One summer I read Walker Percy’s “The Moviegoer,” and it dawned on me that writing was something you could do for a living, just like being a doctor or a fisherman. The novel’s wry philosophical depth opened my eyes to what Percy called “the search,” poking around for clues about why we are here. At the end of that summer, I tried to get him to expound on the religious themes in the book, but he fended me off. “There are two types of people who come out of Louisiana,” he said. “Preachers and storytellers.” It was better to be a storyteller.
Percy inspired me too, not with his theology– definitely not– but with his wonderful stories, and a style of detached observation that was humane, sympathetic, funny, and indeed searching.

Searchers are implicit optimists, by my definition: they’re on the trail of something, they’re curious and hopeful. They may have met despair but they’ve chosen not to act and live in it. Like Sisyphus.
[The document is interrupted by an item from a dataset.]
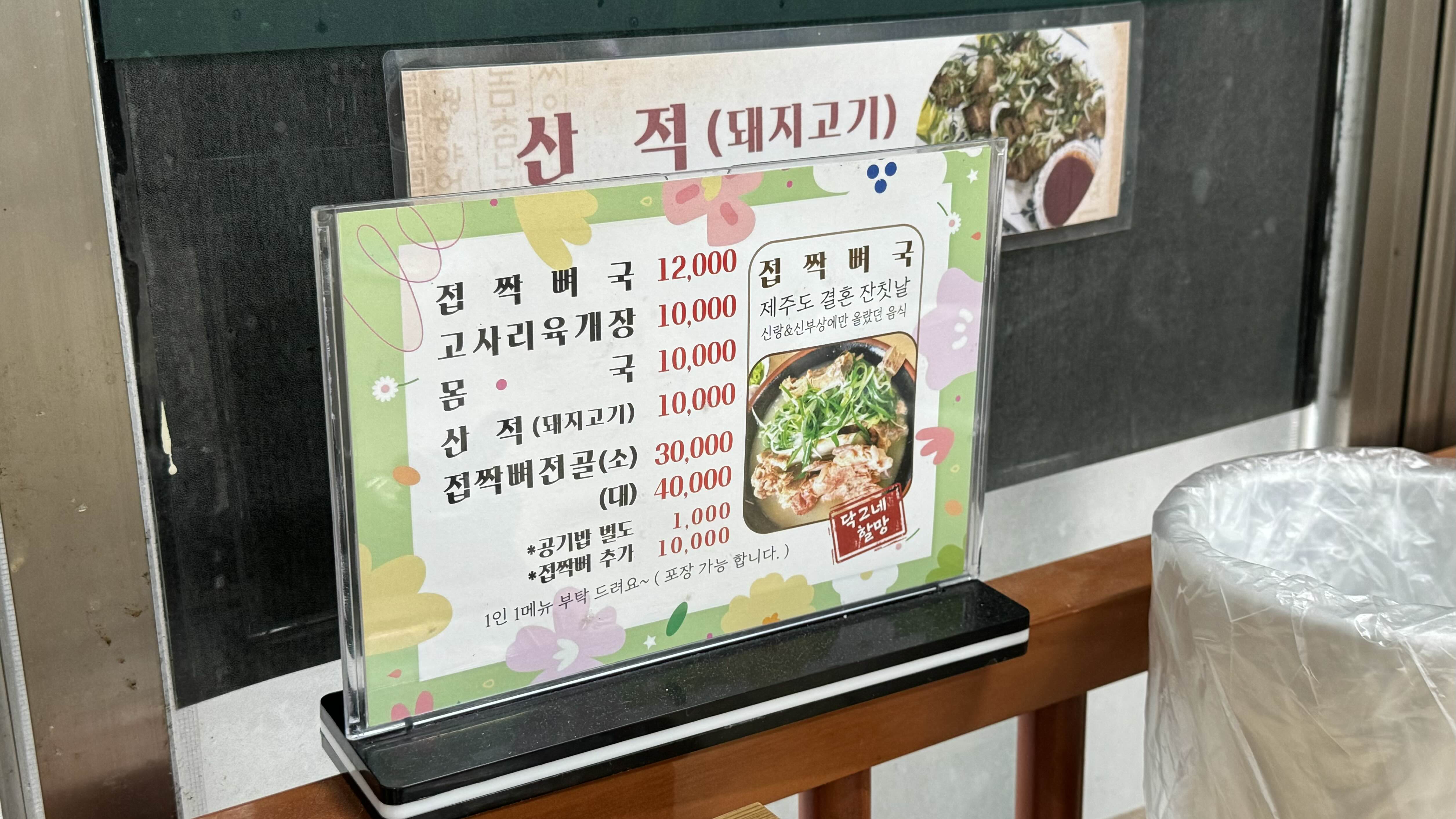 제주도에서만 먹을 수 있는 접짝뼈국과 고사리 육개장이 유명한 곳입니다.

And maybe like poet May Sarton, whose birthday it also is. “It’s not for me — religion. It seems like a redundancy for a poet.” And some philosophers and storytellers.

An old post:

Walker Percy would have been 100 today  [105 in 2021]
He was a Christian existentialist with a literary sensibility I nonetheless found irresistible when I first read him in the seventies. I’m still amused by his characters’ understated humor and quiet rebellion against what he saw as our lost and fallen condition. He tried to pick a fight with Carl Sagan in Lost in the Cosmos, also more amusing than annoying. His lifelong friendship and correspondence with Shelby Foote is an inspiration. I love the mental picture of young Foote on Faulkner’s porch in Oxford while young Percy waits in the car, too embarrassed to meet his hero. Percy, Foote, & Faulkner

“You can’t make a living writing articles for The Journal of Philosophy and Phenomenological Research. The thought crossed my mind: Why not do what French philosophers often do and Americans almost never — novelize philosophy, incarnate ideas in a person and a place, which latter is, after all, a noble Southern tradition in fiction.” It’s not as easy as he makes it sound. He didn’t have many rivals, doesn’t have many successors. Richard Ford is kind of a secular Percy. I’m searching for others.
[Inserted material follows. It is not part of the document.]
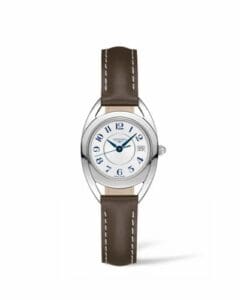 The Longines Equestrian collection consists of elegant ladies watches with looks that are inspired by the world of equestrian sports.The present watch has a case design inspired specifically by horseshoes. The case measures 26mm across, housing the caliber L152. Reference L6.136.4.73.2 has a white dial with Arabic numerals.

“Search” is Percy’s big theme. His heroes search for God and make fun of people like me, who search for godless happiness, purpose, and meaning. But the search is the thing, whatever its quarry. “The search is what anyone would undertake if he were not sunk in the everydayness of his own life. To become aware of the possibility of the search is to be onto something. Not to be onto something is to be in despair.”

It was such a surprise and delight to stumble across and rent the “teahouse” Percy and Foote built near “Lost Cove” in Sewanee, Tennessee in the thirties, twenty years ago. When I wrote of it later I heard from Percy’s grandson, who was searching for it. Really.

Walker Percy and Shelby Foote built this "tea house" in Sewanee TN 

on Percy's uncle's property overlooking "Lost Cove," in the '30s... I found it c.'96.